Nokia N73 Smartphone Review
The N73 has some lagging when you move through its menus, but it is faster than the E50 which is based on the same Symbian 9.1 S60 Interface operating system. Opening most of the applications and games is fast, but waiting for things like the multimedia menu, the gallery and the camera is annoying.
Surprisingly, the N73's signal strength is average and we were unable to place a call in places with poor coverage we could not even establish a connection. During the tests in an area where the signal gradually fades, we found out that the performance of the handset was worse than the one of the phone we compare all the rest to. The 1100mAh battery provided by the manufacturer is claimed to be enough for more than three and a half hours talk-time and two weeks in standby mode, and through normal usage, including taking pictures with the camera and listening to the music, the phone should last for at least two or three days.

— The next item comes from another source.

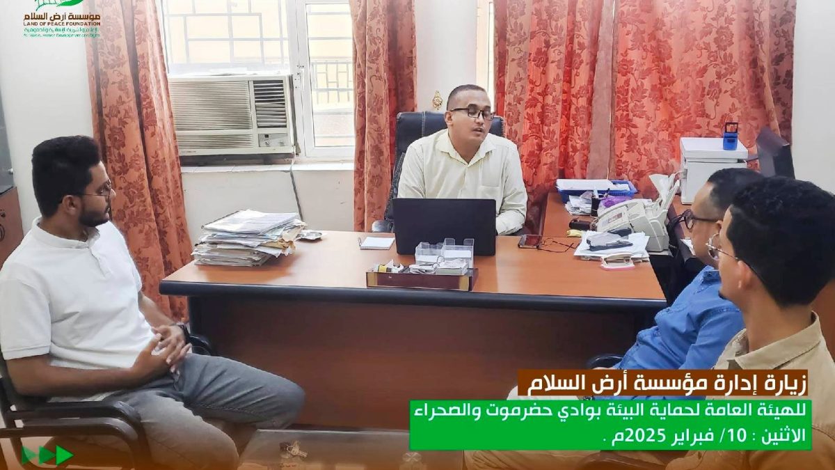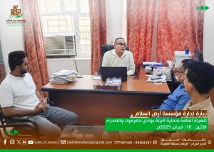 التقى صباح اليوم الإثنين مدير عام الهيئة العامة لحماية البيئة بوادي حضرموت والصحراء الاستاذ عمر محمد بن شهاب بإدارة مؤسسة أرض السلام بمكتبه بالمجمع الحكومي بمدينة سيئون.

The N73 is a multimedia-centric device and as a smartphone it can expand its abilities with additional applications, which is a huge advantage over the rival models from other manufacturers the K800 from SonyEricsson for example. It is one of the best cameraphones on the market now with its 3-megapixels and auto-focus lens by Carl Zeiss, and produces images even better than the Nokia's flagship phone the N93. Although its music player's interface is not the most comfortable to use, it offers good options for sorting, but unfortunately the sound from the stereo speakers lacks quality for a portable audio system. Overall, the N73 is very good device, and the Symbian S60 OS justifies the bulky size.